Figure 5: — Comparison of the cumulative dosages and AUCs of the both the PK-guided and an MTD (2.0 mg/m²) approach, which was simulated from patients with an AUC target of 120–160 ng/ml*h. (Stipled bars represent PK-guided dosing approach and bars with diagonal lines represent MTD dosing approach.)

Discussion:

This retrospective analysis represents 10 years’ worth of experience with a PK-guided dosing approach for topotecan and resulted in several important observations. First, the process has evolved from a primarily research-based approach (e.g., many samples, bioanalysis performed in a researcher laboratory) to a clinical one (e.g., limited sampling model, bioanalysis performed in a CLIA approved Clinical Pharmacokinetic Laboratory). However, other aspects of the approach remain relatively unchanged, such as an initial empiric fixed dosage, bedside processing to isolate topotecan lactone, and pharmacokinetic modeling to determine the topotecan AUC for any subsequent dosage changes. Second, although the empiric dosage success was only 36% overall, it was as high as 60% for selected AUC ranges. As shown in Figure 3, the PK-guided success rates have consistently remained higher than that of the empiric success rates. Lastly, results of a simulation study showed that our PK-guided dosing approach delivered higher cumulative topotecan dosages and resulted in higher AUC values than a fixed topotecan dosing approach.

Summarized in Supplemental Table 1 are the clinical trials from which the data were obtained for this retrospective analysis. The AUC targets in these clinical trials were derived from clinical and preclinical evidence and accounted for logistical considerations, such as combining topotecan with other anticancer drugs (e.g., trial no.7, in which topotecan was combined with cyclophosphamide). The AUC targets were also disease-specific. For example, patients with medulloblastoma in clinical trial no. 2 had an AUC target range of 120–160 ng/ml*hr based upon data suggesting that a topotecan plasma AUC of 140 ng/ml*hr was associated with a cerebrospinal fluid exposure of > 1 ng/ml for 8 hours^10,11 Finally, many of these clinical trials utilized a topotecan pharmacokinetic limited sampling model (LSM) that has been validated and refined throughout the years.¹² The use of this LSM has been shown to provide accurate topotecan lactone AUC values, while reducing the technical and clinical costs associated with sample acquisition. Finally, although not formally studied, the use of an LSM decreased the number of blood draws and the time in the clinic, thus, patient satisfaction and quality of life related to the PK-guided studies has most likely improved.

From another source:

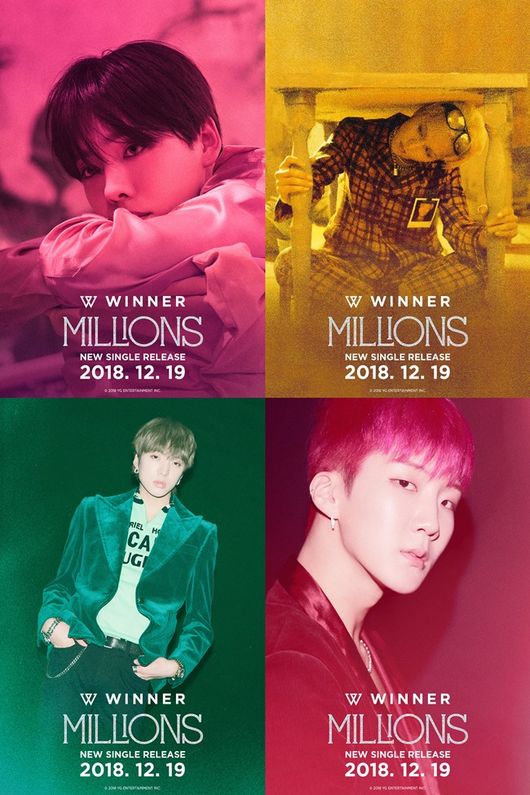 위너가 오는 19일 새 싱글 '밀리언즈(MILLIONS)'로 컴백한다. 지난 4월 발표했던 정규2집 '에브리데이(EVERYD4Y)' 이후 8개월 만에 발표하는 신곡. 오래 기다렸던 만큼 더 완성도 높은 음악을 선물할 위너다.

An empiric, or predefined, topotecan dosage was used as the first dose of the first course of therapy (i.e., C1D1). Over the 10 years of this analysis, the average empiric success rate was 36%; however, variability in success rates among the target ranges was observed (see Figure 1). The empiric success rate in the AUC range of 120–160 ng/ml*hr (i.e., 23%) was lower than in the 80–120 ng/ml*hr (i.e., 60%) or the 70–90 ng/ml*hr (i.e., 44%) range. A possible reason for the low empiric success rate in the 120–160 ng/ml*hr group could have been an a priori dosage reduction of the empiric topotecan dosage (i.e., C1D1) by the investigator to avoid what might be perceived as the possibility of myelosuppression. Investigators were likely concerned about myelosuppression because in many patients topotecan was dosed 10 days out of 14 days (i.e., Dx5×2) and even though the PK-guided dosing was performed under the auspices of a clinical trial, investigators had the option to adjust the initial dosage (C1D1) for heavily pre-treated patients. It is possible this adjustment of the empiric topotecan dosage could account for many of these failures, which were below the desired target (~54%).

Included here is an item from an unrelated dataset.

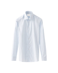 The Elevated Piqué is a luxurious fabric that’s woven in Italy by the renowned Albini mill, one of Eton’s most long-standing partners. Made with organic Supima cotton for a luxurious look and lightweight feel, the piqué fabric provides elegant definition to the light blue Bengal stripe. Finished with mother-of-pearl buttons and 2mm stitching to the collar and cuffs to elevate your look with sophisticated details.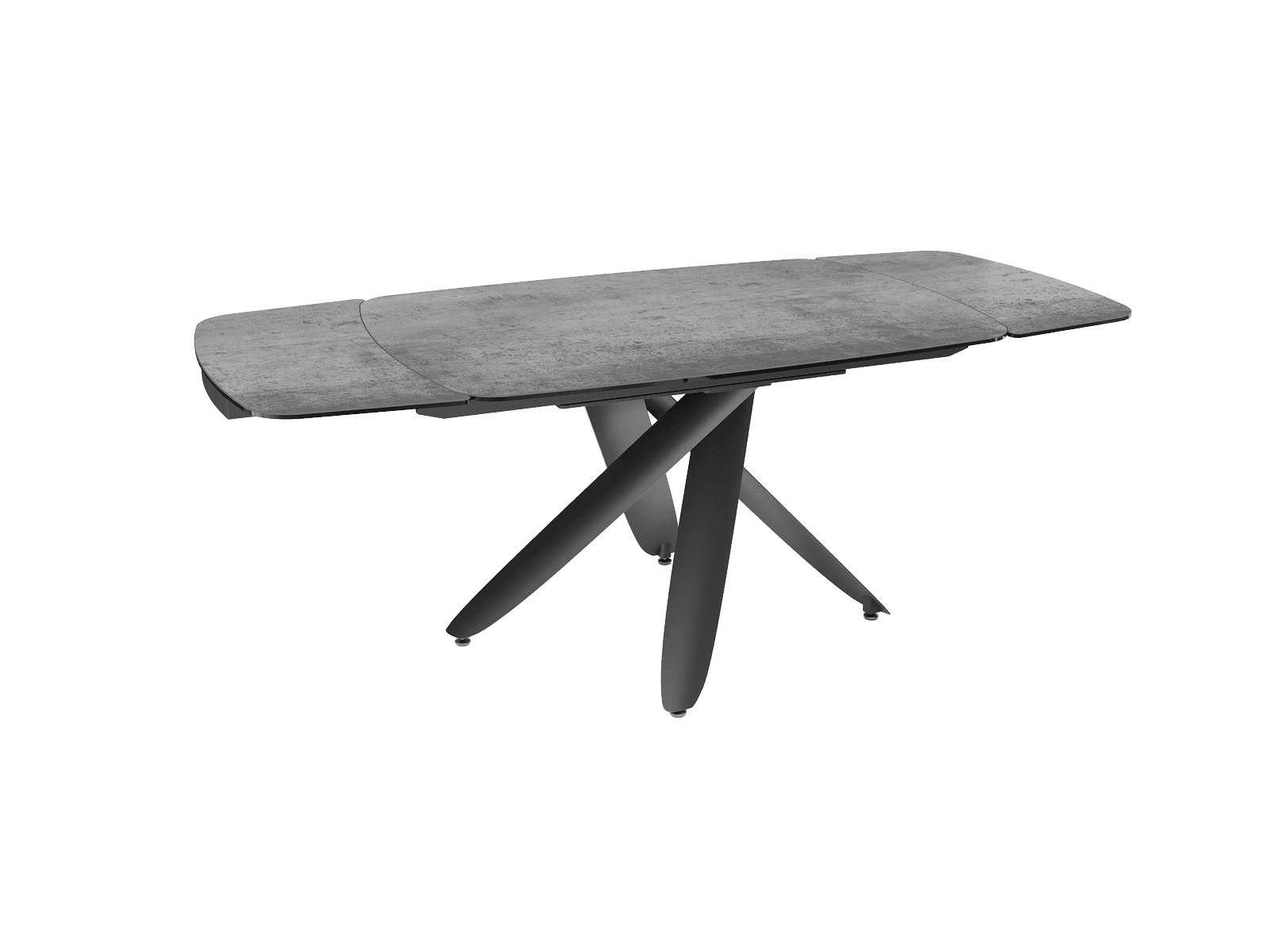 Dimensiones y detalles Peso neto : 113 Kg Color : Plata Dimensiones : 130/200 x 90 x 76 cm Dimensiones cerrado : 130 x 90 x 76 cm Dimensiones abiertas : 200 x 90 x 76 cm Número de comensales : 6-8 personas Base : Acero lacado negro mate Superficie : Cerámica de 3 mm pegada sobre vidrio de 8 mm Extensión

In the largest subset of targeted patients (i.e., 120 to 160 ng/ml*hr range), patient-specific covariates were examined to account for the variability observed in empiric success rate. In our analysis, those studies within the target range were associated with a lower serum creatinine compared with those studies above the target range. However, it is difficult to interpret the clinical relevance of this finding since most of the serum creatinine values were within the normal age-adjusted ranges. It is noteworthy that this same relationship was not observed with the PK-guided targeting success, given that previous population pharmacokinetic studies have identified renal function (e.g., serum creatinine) as a significant covariate on topotecan systemic clearance.¹³ This outcome is likely due to the narrow range of normal serum creatinine values, as well as the use of our PK-guided approach to adjust the topotecan dosages based on AUC values, which would negate the effect of the changes due to variability in topotecan systemic clearance.

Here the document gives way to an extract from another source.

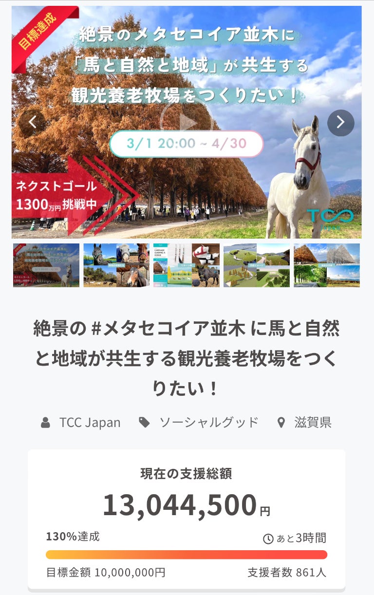 「TCC メタセコイアと馬の森」クラウドファンディング

This study demonstrated that our PK-guided dosing approach achieved favorable targeting success rates. Compared to empiric dosing over time, the PK targeting success remained relatively consistent over time. Although no factors were found to account for the minor year-to-year fluctuations, the most recent trend is toward 80% and higher (see Figure 3). Additionally, an overall 64% success rate is comparable to that observed for other PK-targeted chemotherapeutic agents, such as methotrexate, which has a likelihood of achieving a predefined steady-state plasma concentration (Cp_ss) of up to 70% in acute lymphoblastic leukemia (ALL) patients.¹⁴

By comparing the resultant dosages of our PK-guided approach with that of a standard, topotecan dosing strategy, we demonstrated that the PK-guided dosing can deliver a greater cumulative topotecan dosage and higher overall systemic exposure. Although not explicitly addressed within the purview of our retrospective study, the higher topotecan dosage has been postulated to increase the likelihood of achieving improved antitumor effects and potentially response rates.¹⁵ However, using this approach to achieve systemic exposures guided by PK-dosing is dependent on a careful definition from preclinical and/or clinical studies of the desired exposures since high exposures can also contribute to increased toxicity. It is, therefore, crucial to monitor plasma topotecan concentrations to avoid excessive myelosuppression. Another advantage to PK-guided dosing is that it can account for patients with either high or low topotecan systemic clearances. With a fixed dosing approach, patients with high clearances could be inappropriately under-dosed and fail to achieve maximal benefits of the treatment. On the other hand, patients with low topotecan clearances can have elevated systemic exposures, which could lead to excessive toxicity.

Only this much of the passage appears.